DATASET EXTRACT: Begin
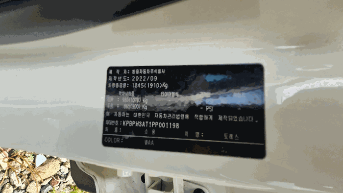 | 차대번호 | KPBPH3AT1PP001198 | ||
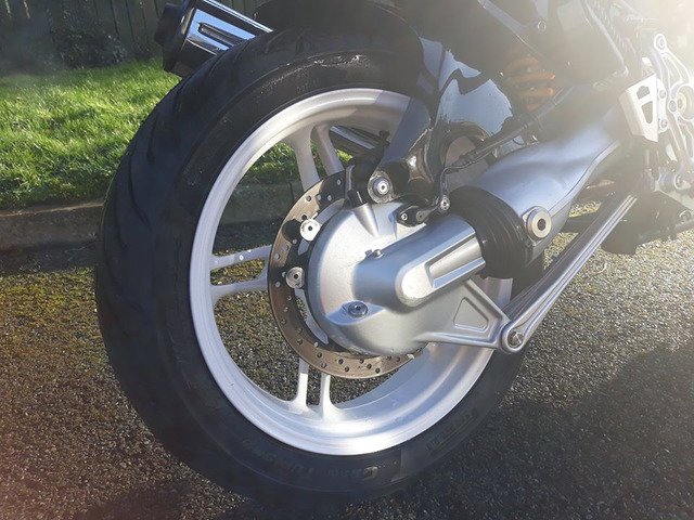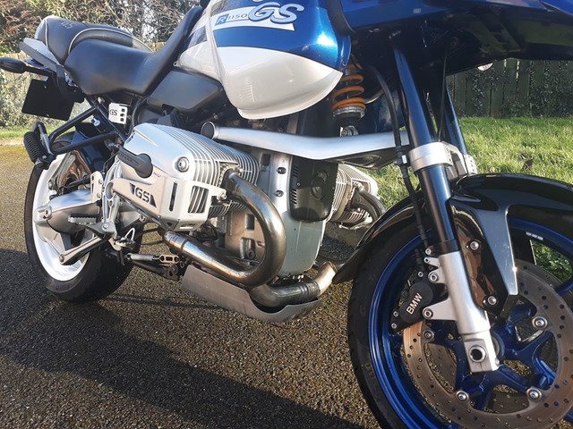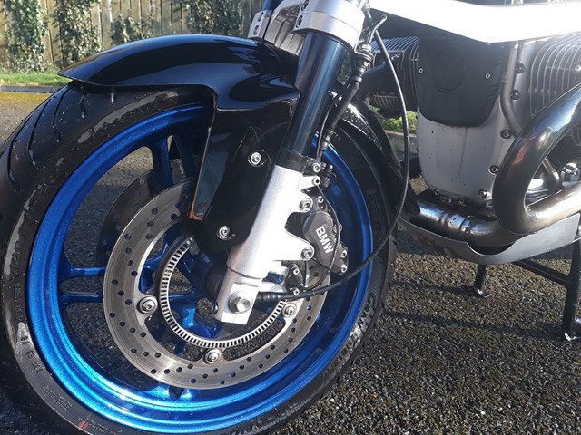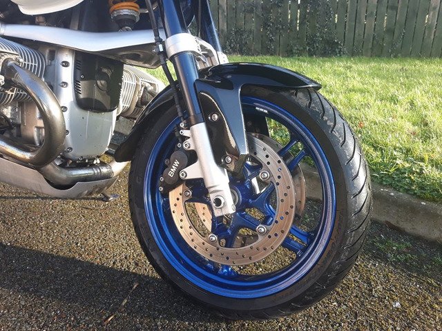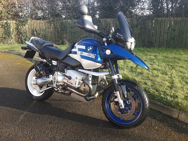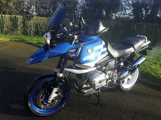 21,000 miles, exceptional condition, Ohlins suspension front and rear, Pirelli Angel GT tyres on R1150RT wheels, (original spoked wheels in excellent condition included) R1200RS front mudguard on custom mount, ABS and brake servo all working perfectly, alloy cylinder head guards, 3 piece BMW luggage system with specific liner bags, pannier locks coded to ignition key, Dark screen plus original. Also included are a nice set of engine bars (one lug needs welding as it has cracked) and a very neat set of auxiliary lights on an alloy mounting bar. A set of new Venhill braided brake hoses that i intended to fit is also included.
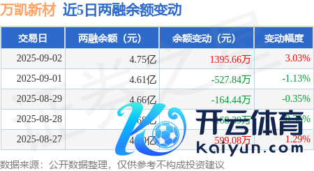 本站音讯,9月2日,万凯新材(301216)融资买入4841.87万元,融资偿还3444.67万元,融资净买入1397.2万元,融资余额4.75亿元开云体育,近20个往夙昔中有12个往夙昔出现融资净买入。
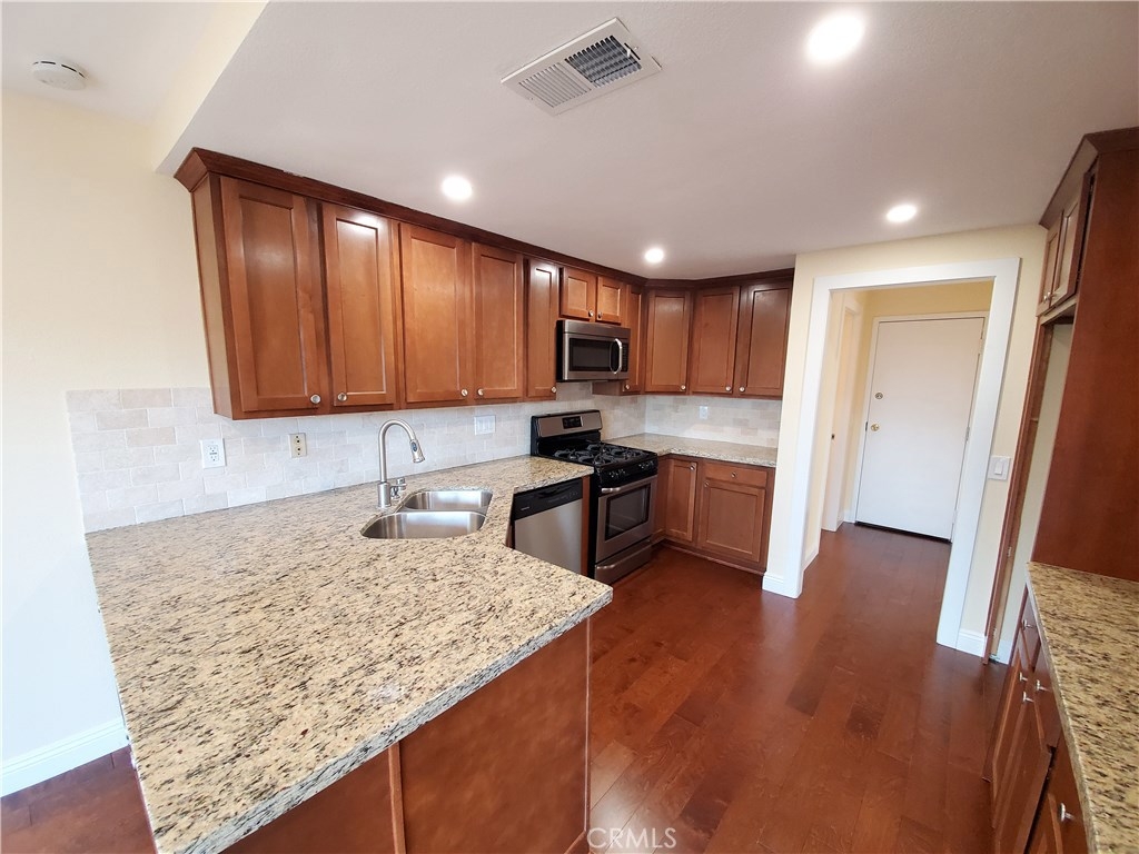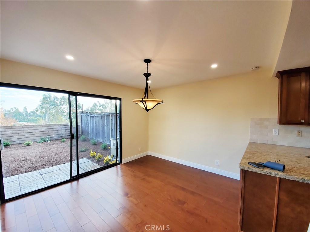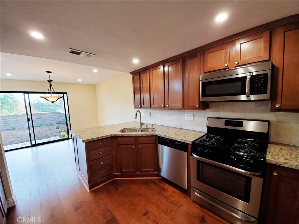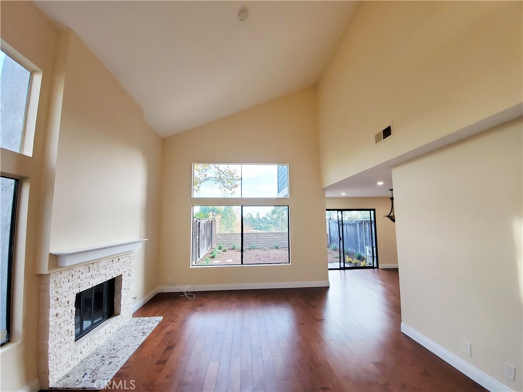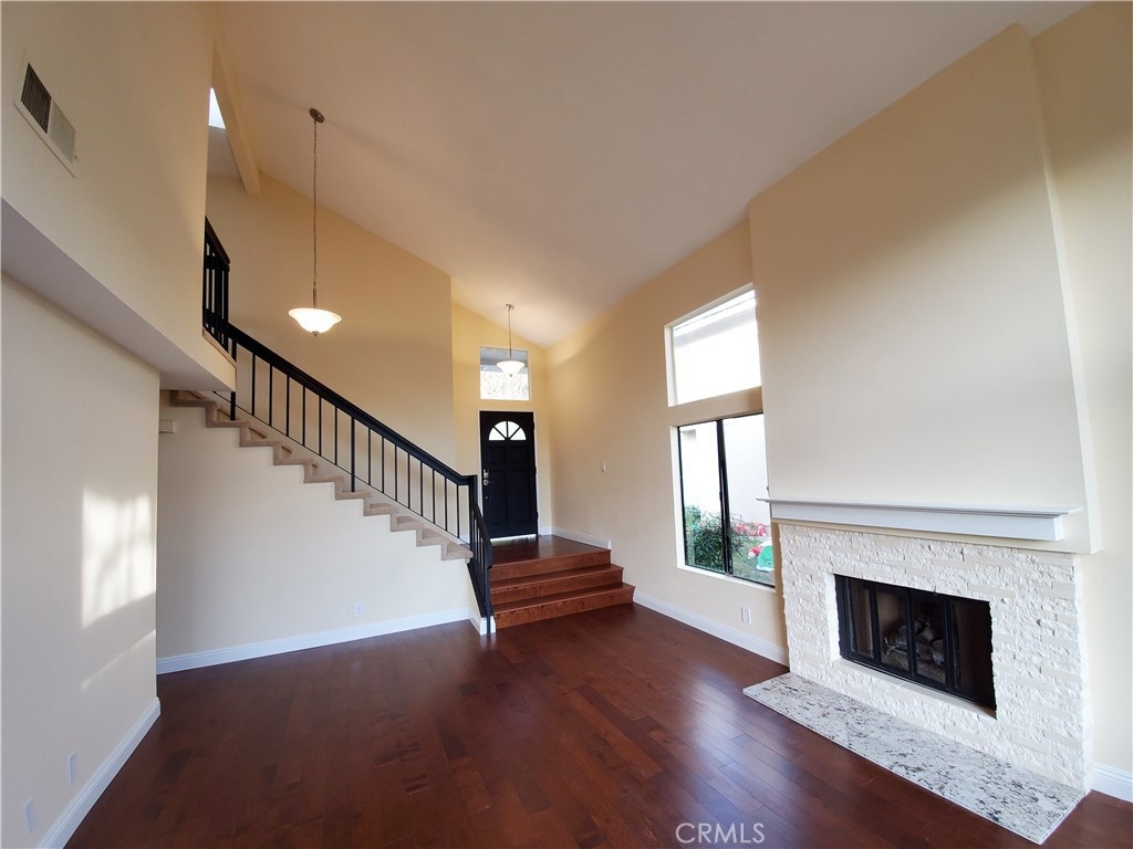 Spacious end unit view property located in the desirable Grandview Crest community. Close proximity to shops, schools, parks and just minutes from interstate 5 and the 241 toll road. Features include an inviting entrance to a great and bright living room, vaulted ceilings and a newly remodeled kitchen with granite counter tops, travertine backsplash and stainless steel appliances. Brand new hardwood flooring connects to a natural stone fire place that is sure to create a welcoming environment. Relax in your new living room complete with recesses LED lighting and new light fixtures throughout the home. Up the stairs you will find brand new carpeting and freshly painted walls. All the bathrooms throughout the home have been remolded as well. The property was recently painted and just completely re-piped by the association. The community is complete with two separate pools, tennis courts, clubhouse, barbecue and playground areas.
DATASET EXTRACT: End
== WHAT THE TASK REQUIRES ==
Copy the listing word for word, excluding its pictures.

== OUTPUT FOR THIS TASK ==
 | 차대번호 | KPBPH3AT1PP001198 | ||
 21,000 miles, exceptional condition, Ohlins suspension front and rear, Pirelli Angel GT tyres on R1150RT wheels, (original spoked wheels in excellent condition included) R1200RS front mudguard on custom mount, ABS and brake servo all working perfectly, alloy cylinder head guards, 3 piece BMW luggage system with specific liner bags, pannier locks coded to ignition key, Dark screen plus original. Also included are a nice set of engine bars (one lug needs welding as it has cracked) and a very neat set of auxiliary lights on an alloy mounting bar. A set of new Venhill braided brake hoses that i intended to fit is also included.
 本站音讯,9月2日,万凯新材(301216)融资买入4841.87万元,融资偿还3444.67万元,融资净买入1397.2万元,融资余额4.75亿元开云体育,近20个往夙昔中有12个往夙昔出现融资净买入。
 Spacious end unit view property located in the desirable Grandview Crest community. Close proximity to shops, schools, parks and just minutes from interstate 5 and the 241 toll road. Features include an inviting entrance to a great and bright living room, vaulted ceilings and a newly remodeled kitchen with granite counter tops, travertine backsplash and stainless steel appliances. Brand new hardwood flooring connects to a natural stone fire place that is sure to create a welcoming environment. Relax in your new living room complete with recesses LED lighting and new light fixtures throughout the home. Up the stairs you will find brand new carpeting and freshly painted walls. All the bathrooms throughout the home have been remolded as well. The property was recently painted and just completely re-piped by the association. The community is complete with two separate pools, tennis courts, clubhouse, barbecue and playground areas.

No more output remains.